12 mL ethanol x 712/100 = 85.4 mL ethanol. Convert that to grams using density. mass = volume x density alcohol which is given at the end of the problem.
mols ethanol = grams/molar mass
Use the coefficients in the balanced equation to convert mols ethanol to mols CO2.
Then use PV = nRT to solve for P CO2 at the conditions listed. Post your work if you get stuck.
Chemistry - Zachary, Wednesday, November 14, 2012 at 11:49pm
I found the moles of CO2 and I got 1.47. 85.4 L ethanol * .79 g/cm3 = 67.5g ethanol. 67.5/(12+12+5+16+1)= 1.47 moles ethanol. 1.47 moles C2H5OH *(2 moles C2H5OH/ 2 moles CO2) = 1.47 moles CO2. What do I use for the volume? do I use the volume of the bottle, the volume of the bottle minus the volume of the ethanol, or the volume occupied by the grape juice?
Chemistry - Zachary, Thursday, November 15, 2012 at 12:01am
Sorry, I made a mistake. 85.4 mL = .0854 L. .0854 L * .79 g/cm3 = .0675g. .0675/46(MM of C2H5OH) = .0147 moles ethanol. .0147 moles ethanol = .0147 moles CO2.
Chemistry - Zachary, Thursday, November 15, 2012 at 12:03am
I'm still not sure which volume to use though. would it be 825 mL, 825mL - 85.4 mL, or 712 mL?

  • Chemistry: Dr. Bob, can you check my work? - ,

    I would use the volume of the bottle minus the volume of the ethanol. We're assuming all of the grape juice was glucose and all of it was converted to ethanol. Actually, since the grape juice was only 12% ethanol, I suppose the rest of it is water. The author of the problem may expect you to use volume as volume of bottle - volume of ethanol - volume of the water that wasn't ethanol. Frankly, I don't know. With so many false assumptions at the start of the problem it's difficult to know what the author expects you to do.
    BTW, the second post you put up is not correct. The density is given in g/mL and the volume of ethanol is in mL so the correct value for mass is 85.4 mL x 0.79 g/mL = ? grams.

  • Chemistry: Dr. Bob, can you check my work? - ,

    Okay. I'll try both. 825mL - 712= 113. You have to convert mL to L in order to use the PV = nRT correct? if so,113mL=.113L P(.1130) = 1.47 moles CO2 * .0821 * 303 K
    .1130P=36.57
    P = 323.6 atm

    -OR-
    825-85.4 = 739.6 mL = .7396L
    .7369P=1.47(.0821)(303)
    .7369P=36.57
    P=49.6atm

  • Chemistry: Dr. Bob, can you check my work? - ,

    The first one was correct! I just used the incorrect number of sig figs. Thank you so much!

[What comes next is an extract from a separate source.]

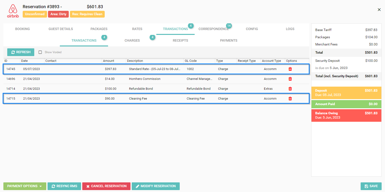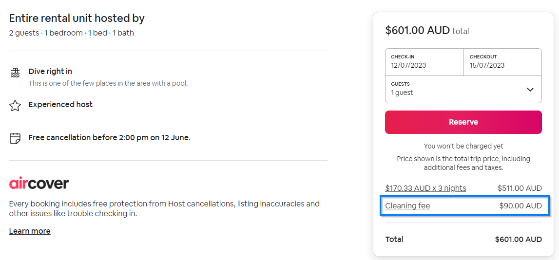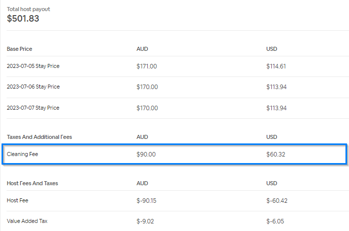 For example, if you set the cleaning fee in the Pricing Settings for a specific Airbnb listing in Homhero, this will display as an additional itemised fee to the guest, however when the booking is delivered to Homhero it will be included in the stay price (base rate).

  • Chemistry: Dr. Bob, can you check my work? - ,

    The one that makes the most sense to me is to use the 825-712. If your prof is touchy about the number of significant figures, you want to go over this very carefully because that answer of 323.6 has too many

  • Chemistry: Dr. Bob, can you check my work? - ,

    Thanks for sharing that information. If I had been just a little faster on my end you would have caught the too many s.f. I was typing while you were checking.